The same idea works here. If you fire a below-average teacher, you can't automatically assume that the replacement will be an average teacher. The replacement level might be considerably lower than the average.

The underlying assumption behind the fire-teachers strategy is that teachers are unmotivated, and so need to be made to fear for their jobs. What other profession do we treat this way? Some doctors are certainly better than others, and there are probably patients who die because their doctor wasn't as good as the best. So should we fire all but the best doctors? Would that motivation push the replacement doctors to be excellent? I kind of doubt it.

Conclusion. So here's what I think about the Common Core: We could do a lot worse. We should have year-by-year national standards, and we should have tests that measure how well we're achieving them. That's not the battle to fight.

The right battle is over what to do with the scores.

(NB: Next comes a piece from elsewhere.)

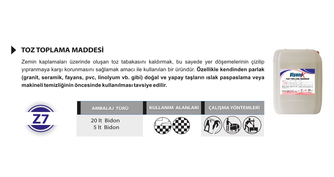 Zemin kaplamalarında oluşan toz tabakasını kaldırmak, bu sayede yer döşemelerinin çizilip yıpranmaya karşı korunmasını sağlamak amacı ile kullanılan bir üründür.

The Gates program, which influenced both No Child Left Behind and Race to the Top, is fundamentally misguided. What-test-question-did-you-cover-today education is not good education. (No school trying to attract the children of the rich would work that way.) Get-the-scores-up-or-else is no way to motivate teachers either to work harder or to improve their craft.

You've got your conspiracy theory and I've got mine. (I think profit-making corporations want public schools labeled as failures so they can get their hands on the billions we spend on education. But that's a topic for another article.) Common Core is Step #1 in both of them. But I don't think things get sinister until Step #2.